Thomas Weisel Partners Group Inc. underestimated its loss for the first three quarters of last year, raising doubts about the securities firm's pending initial public offering.
The 8-year-old San Francisco-based firm said Tuesday that its loss in the first nine months of 2005 was $14.2 million, 8% wider than it reported a month ago in IPO documents filed with regulators. Goldman Sachs Group Inc. dropped out as a manager of the stock sale this month, and Weisel replaced the firm with Fox-Pitt, Kelton Ltd.
"These aren't good signs," said David Martin, a former director of the Securities and Exchange Commission's corporate finance division and now a partner at Washington-based law firm Covington & Burling. "At the minimum it's a timing complication and at the maximum it could postpone the offering."
Weisel, started by former Montgomery Securities Chief Executive Thomas Weisel, is struggling to make money as Wall Street competitors reap record profits. The firm, which specializes in advising technology, healthcare and consumer companies, said it planned to use proceeds from the IPO to help fund an expansion of its investment banking and brokerage business and to retain employees.
Weisel's profit peaked at $118 million in 2000, and the firm posted a loss in 2002. By contrast, Wall Street firms including Goldman and Lehman Bros.

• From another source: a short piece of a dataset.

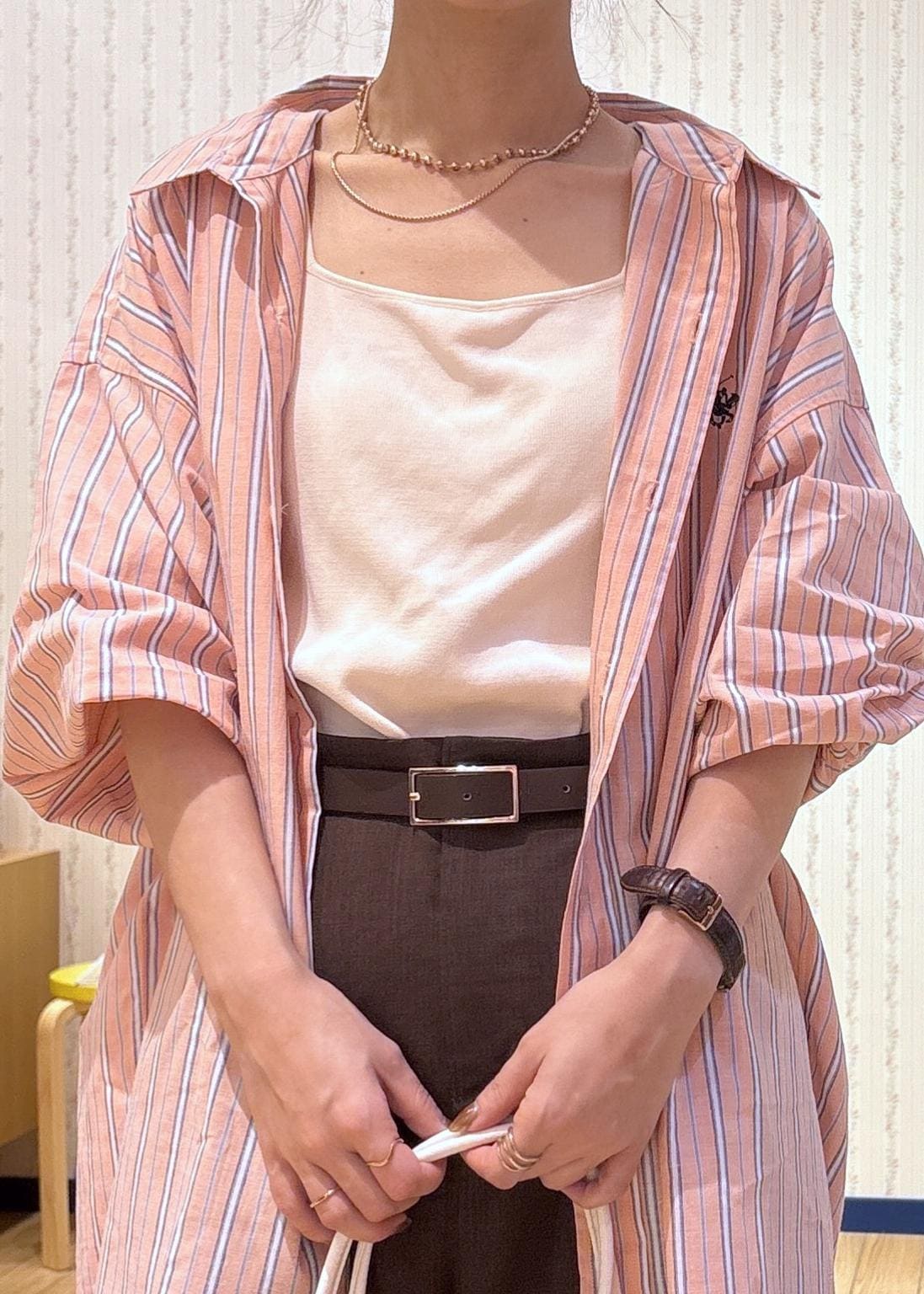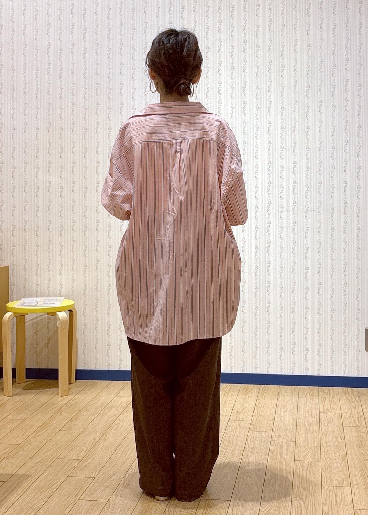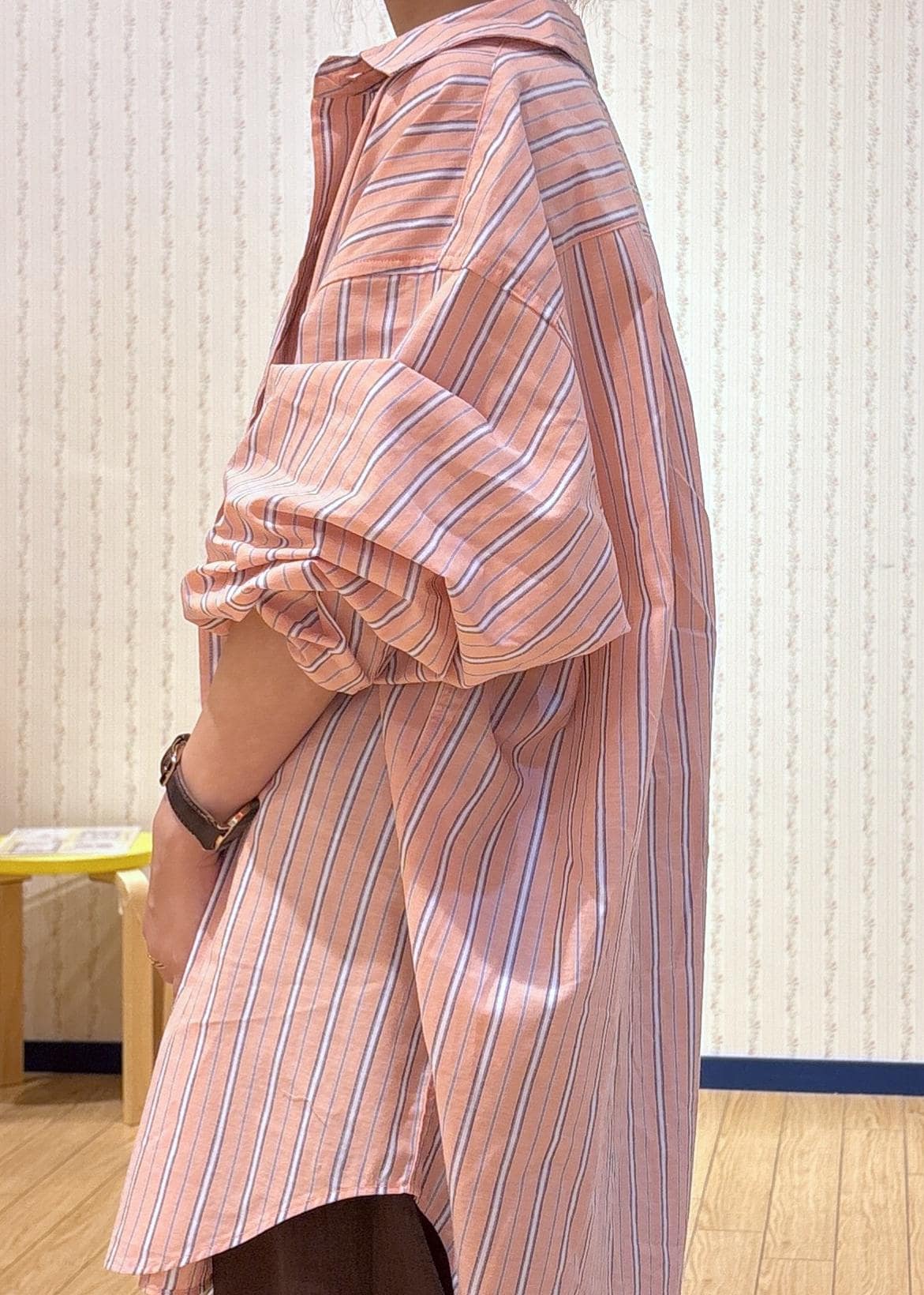 NEW!ROPÉ PICNIC【BEVERLYHILLS POLO CLUB・一部店舗限定】ストライプビッグシルエットシャツオレンジ / F¥4,950レビューオーバーシルエットでお尻もすっぽり隠れる着丈です!

Holdings Inc. had record profits for the last two years.
Weisel said it made "errors" in calculating investment-banking revenue and the value of investments in unspecified partnerships. Revenue fell 16% to $177 million, compared with the $178 million the company reported earlier, Weisel said.
The firm got about 59% of its revenue from brokerage, 27% from investment banking and 15% from money management, according to Tuesday's filing.
"Errors had been made associated with the accounting for changes in fair value of investments in partnerships," the firm said in its filing. "In addition, the firm determined that the estimated underwriting and corporate finance revenue and the related receivable were overstated as of and for the nine-month period ended Sept. 30, 2005."
Weisel spokeswoman Ann Akichika said the firm could not comment in the so-called quiet period required of companies before they issue stock.
The firm said it would sell 5.75 million shares for $13 to $15, or as much as $86.3 million. That includes 750,000 more shares that the underwriters may buy at the offering price after trading starts.
Weisel said in December that it would sell shares worth as much as $65 million.
Weisel shares would trade on Nasdaq under the symbol TWPG.